For the chemical analysis, advanced two-dimensional GCxGC mass spectrometry is at disposal, which allows the separation of complex fuel matrices due to the modulated series connection of two chromatography columns (polar-non-polar). This analytical method is supported by 1H nuclear magnetic resonance (NMR) spectroscopy, which allows instant determination of the hydrogen content of fuels. Thus, fuel samples can be qualified and quantified with molecular precision and mass fractions of the individual chemical groups (e.g., n-/iso-/cyclo-alkanes, aromatics, oxygenated components), the average molecular formula, and the C/H ratio can be determined.
In addition, thermophysical aviation-related "fit for purpose" parameters of the fuels can be determined. These include for example distillation properties (e.g. initial boiling point, destillation curve, final boiling point), kinematic viscosity and density (including low temperature behavior up to to -47 ° C), surface tension, refraction index and heating value (Qnet and Qgross) of the considered fuels.
Thus, the analytical methods for aviation fuel go well beyond the required ASTM criteria (e.g. cryogenic measurements) and provide individualized validation data for model-based optimization techniques. The accurate characterization of a fuel also provides the basis for the scientific interpretation of its combustion and emission behavior, as well as for the selection of suitable models for the prediction of the reaction kinetics of combustion and pollutant formation.

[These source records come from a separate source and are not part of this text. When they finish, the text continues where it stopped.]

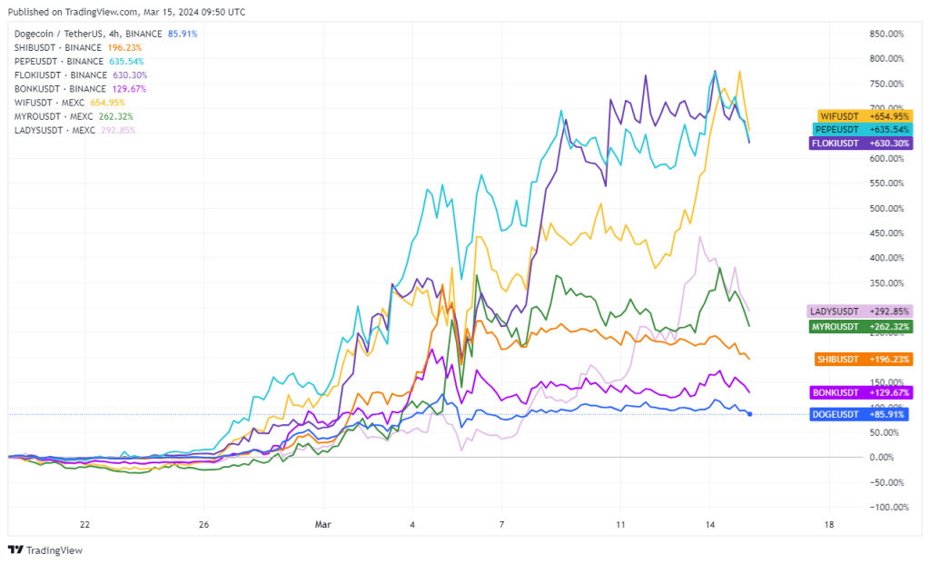 Diese Annahme bestätigen die aktuellen Daten. Wie der untenstehende Chart zeigt, übertreffen neuere, kleinere Meme-Coins wie $PEPE, $WIF und $FLOKI bereits die etablierten Größen. Diese Entwicklungen bieten eine einzigartige Chance für Investoren, die früh in potenziell erfolgreiche Projekte einsteigen möchten.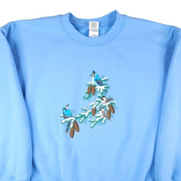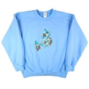Bird Watching Sweatshirt Mens Size Large Blue Jays Chickadees Nature Animal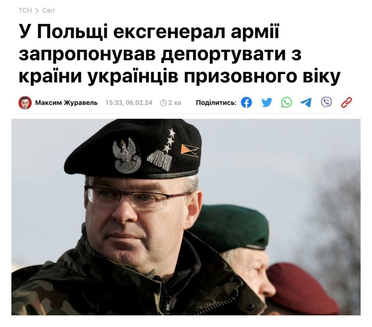 Польский генерал в отставке Вальдемар Скшипчак предложил депортировать из ЕС всех мужчин призывного возраста с Украины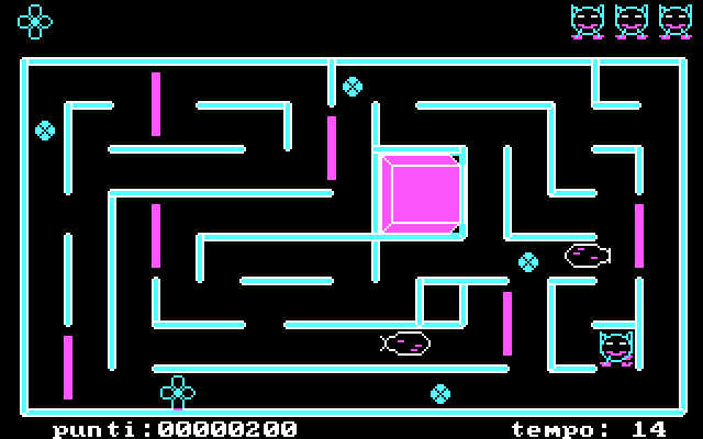 Никаких точек для сбора на поле не имеется, зато периодически в случайных местах лабиринта появляются кружки с крестиками – это бутоны. В которые необходимо выстрелить (!), повернув котика вперёд ногами в соответствующем направлении и нажав «пробел», – после этого поражённая почка распустится, превратившись в цветочек о четырёх лепестках: лишь затем её будет дозволено подобрать. В верхнем левом углу экрана можно отслеживать количество таких объектов, необходимых для завершения уровня: по виду это те же самые цветки, но на деле каждый из них символизирует – по числу своих лепестков – сразу четыре нужные для взятия сущности. Так что на первом из уровней собрать следует четыре распустившихся бутона, на втором – восемь, на третьем – двенадцать, а на четвёртом – шестнадцать (похоже, максимально возможный показатель – тридцать два).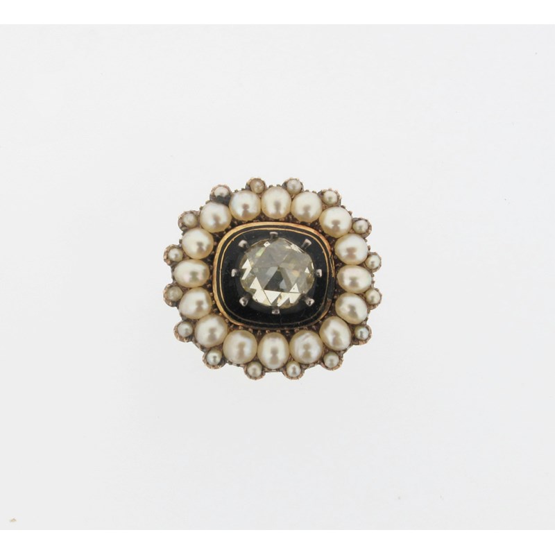 A George III mourning brooch, centred with a rose cut diamond on black enamel ground within two gold borders, with further surrounds of graduated pearls on gold. 2.2cm wide.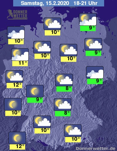 Heute Abend ist es besonders in einem breiten Steifen von Südwest- bis nach Nordostdeutschland oft nur gering bewölkt oder sternenklar. Im übrigen Bundesgebiet ist es mehrheitlich aufgelockert, direkt an der Nordsee und im Südosten weitgehend stark bewölkt, dazu bleibt es trocken. Die Temperatur liegt bei 8 bis 12 Grad. An der Nordsee weht ein stürmischer Wind mit teils schweren Sturmböen.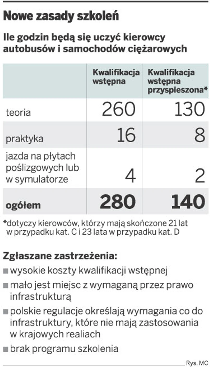 Wprowadzenie do polskich przepisów wymagań związanych z obowiązkiem ukończenia kwalifikacji wstępnej zamknęło wielu osobom drogę do wykonywania zawodu kierowcy. Obejmuje ona kierowców autobusów, którzy prawo jazdy na ten pojazd uzyskali po 10 września 2008 r., i kierowców ciężarówek, którzy prawo jazdy zdobyli po 10 września 2009 r. Barierą dla wielu osób okazały się nie tylko wysokie koszty szkolenia, ale i czas jego trwania.

The applied methods are part of the DLR-VT developed DLR Jet-Fuels Preselection Process®. This process bases on the evaluation of possible aviation fuels through lab-scale experiments, model-based estimations and assessments, as well as comparisons with the broad DLR fuel database. This evaluation allows quick feedback to manufacturers regarding the suitability and/or optimization potential of their fuels as aviation fuels before a time- and cost-intensive approval process is sought.
The DLR Fuels Preselection Process® is currently applied in phase II of the Kopernikus project "Power-to-X" for example, in which the application potential of Fischer Tropsch products (amongst other) in aviation is assessed.